WHAT IS NEEDED> Copy exactly, from the beginning of the material below, every line up to and including the one holding "MYJKA WYSOKOCIŚNIENIOWA MARKI", with the pictures left out.

BEGIN RECORDED INFORMATION

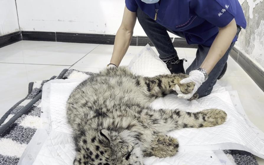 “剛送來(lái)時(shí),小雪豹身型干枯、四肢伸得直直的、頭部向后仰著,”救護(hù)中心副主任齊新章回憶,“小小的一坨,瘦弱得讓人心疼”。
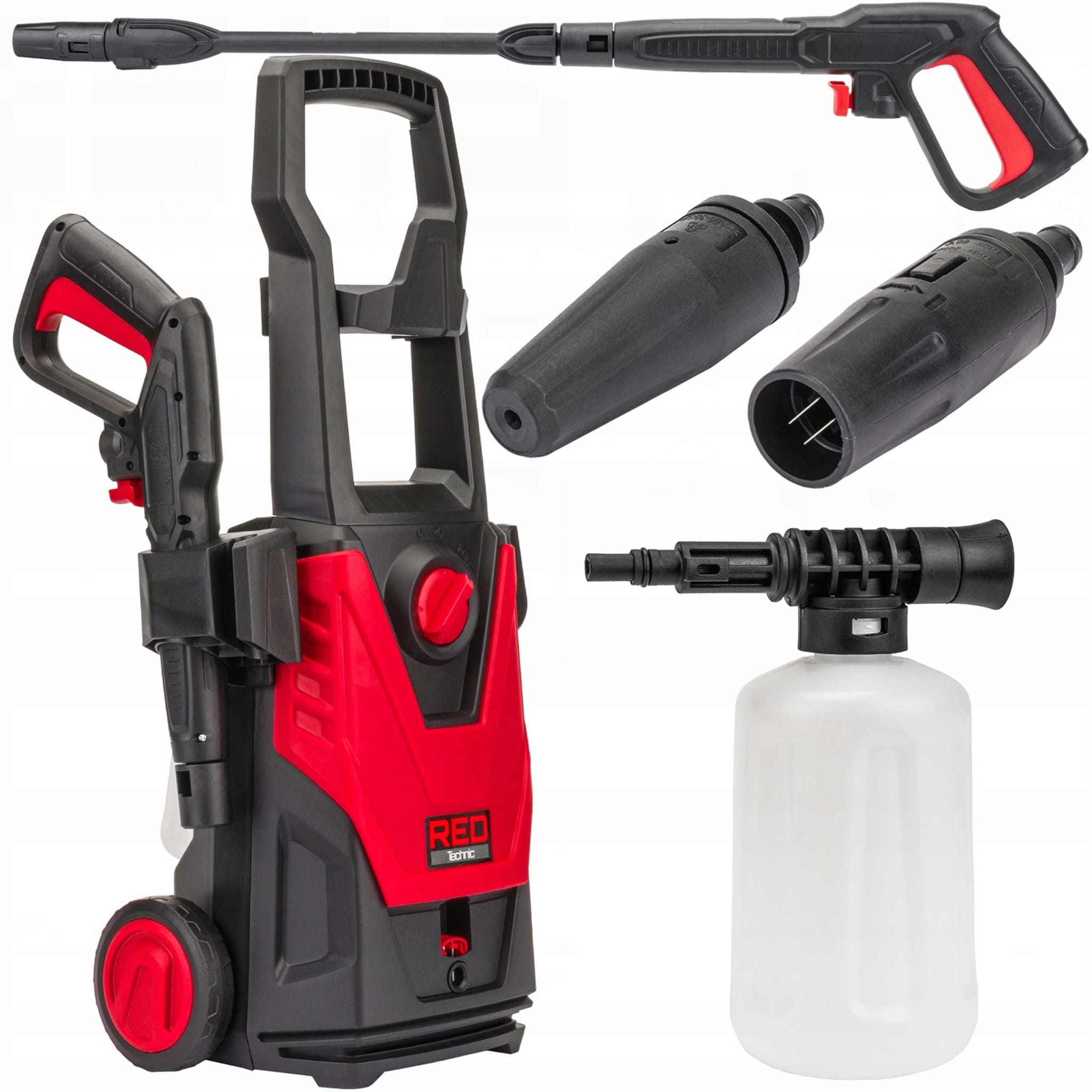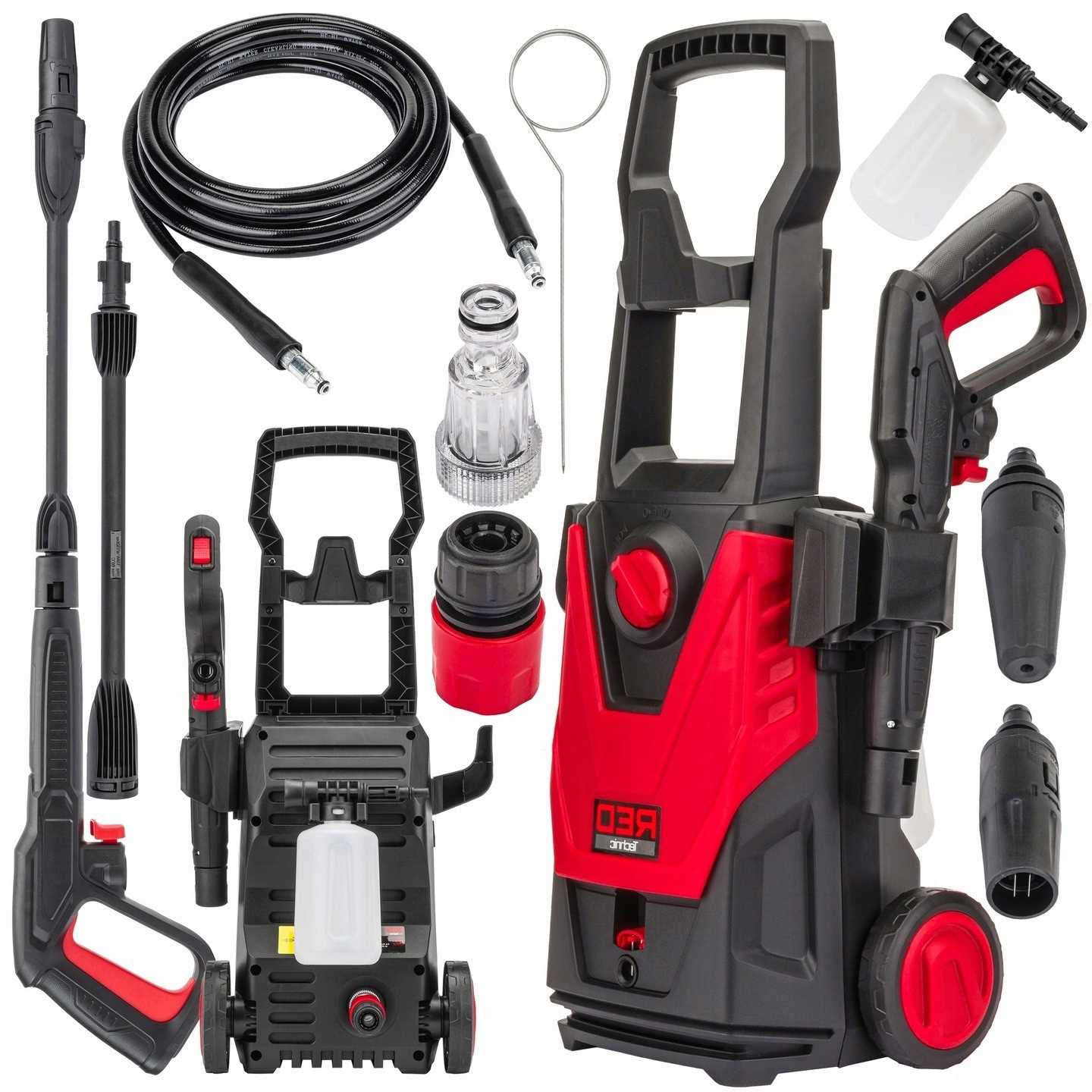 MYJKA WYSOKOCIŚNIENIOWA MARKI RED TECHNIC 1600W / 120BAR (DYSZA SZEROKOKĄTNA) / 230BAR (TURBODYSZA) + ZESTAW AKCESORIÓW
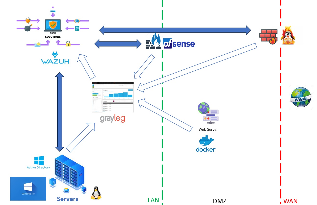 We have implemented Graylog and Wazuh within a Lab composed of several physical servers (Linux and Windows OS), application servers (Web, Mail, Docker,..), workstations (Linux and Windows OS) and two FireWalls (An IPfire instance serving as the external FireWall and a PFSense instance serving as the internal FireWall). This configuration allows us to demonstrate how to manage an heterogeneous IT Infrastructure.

END RECORDED INFORMATION

RESPONSE TO THE TASK>
 “剛送來(lái)時(shí),小雪豹身型干枯、四肢伸得直直的、頭部向后仰著,”救護(hù)中心副主任齊新章回憶,“小小的一坨,瘦弱得讓人心疼”。
 MYJKA WYSOKOCIŚNIENIOWA MARKI RED TECHNIC 1600W / 120BAR (DYSZA SZEROKOKĄTNA) / 230BAR (TURBODYSZA) + ZESTAW AKCESORIÓW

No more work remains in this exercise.